Controvertida y valiente, no dudó en denunciar a las Judenräte  (Consejos judíos de los guetos) cuando el mundo aún no estaba preparado para escuchar semejante acusación; tampoco la acobardó explicar que no sentía ninguna clase de amor por el pueblo judío ni por ningún colectivo en particular, como tampoco temió al escribir sobre la violencia en Estados Unidos. Entendía muy bien lo que Elias Canetti había expresado con sabiduría: “todo lo que ha ocurrido teme a su palabra”.

Quizá su vida pueda explicar algo de su obra: nunca tuvo miedo de decir que era judía. En una época de simbiosis judeo-alemana, muy tempranamente se ubicó del lado de los que no estaban dispuestos a negociar.

Vida y obra de Hannah Arendt se funden del mismo modo en que sus palabras se transforman en acciones. Son acciones: golpean, sacuden, despiertan, enfurecen, emocionan. Con ellas denunció lo tiránico, estudió lo inexplicable, manifestó sus reveses, fue serena en sus réplicas y leyó con agudeza los acontecimientos de su época.

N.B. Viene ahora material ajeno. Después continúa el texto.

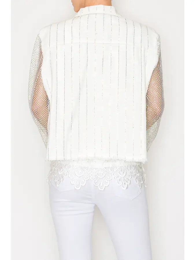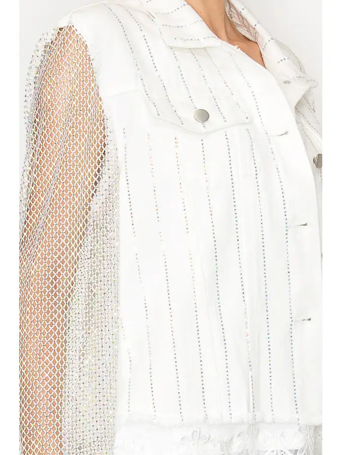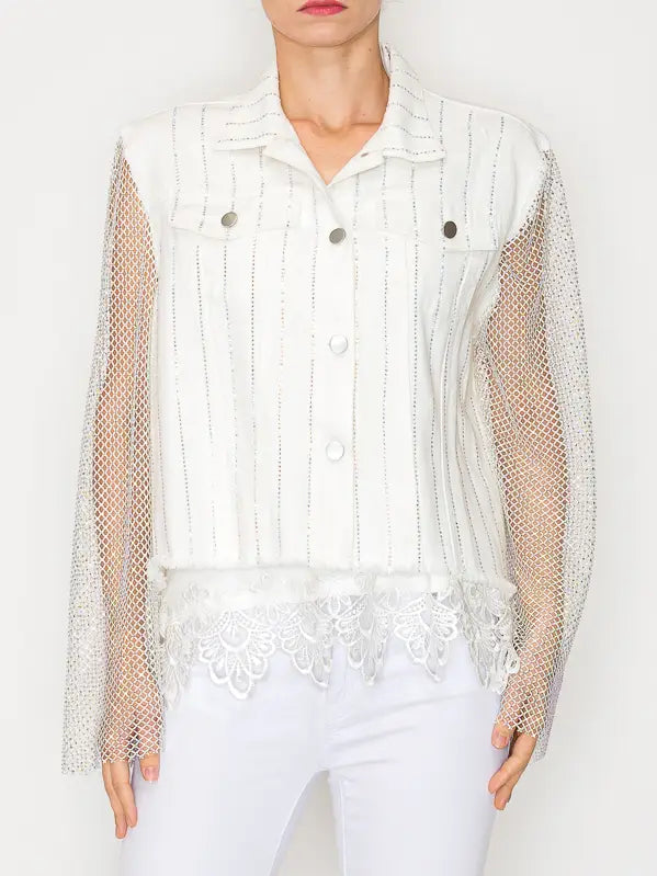 This denim jacket stands out with its distinctive mesh stone sleeves, adding a touch of elegance to a traditionally casual piece. As a brand, Origami Apparel draws inspiration from lace and crochet, creating stylish and on trend clothing. This jacket is a perfect example of our commitment to innovative design, blending the timeless appeal of denim with the intricate beauty of mesh stone detailing.

Muchas de sus palabras se cristalizaron en su vocación pedagógica; otras se solidificaron en libros, algunas en columnas de opinión y muchas en largas conversaciones con amigos. 
En cada palabra late su vida entera: los exilios, los dolores, los embates, los amores, sus necesarias distancias y su reconciliación con la vida contemplativa.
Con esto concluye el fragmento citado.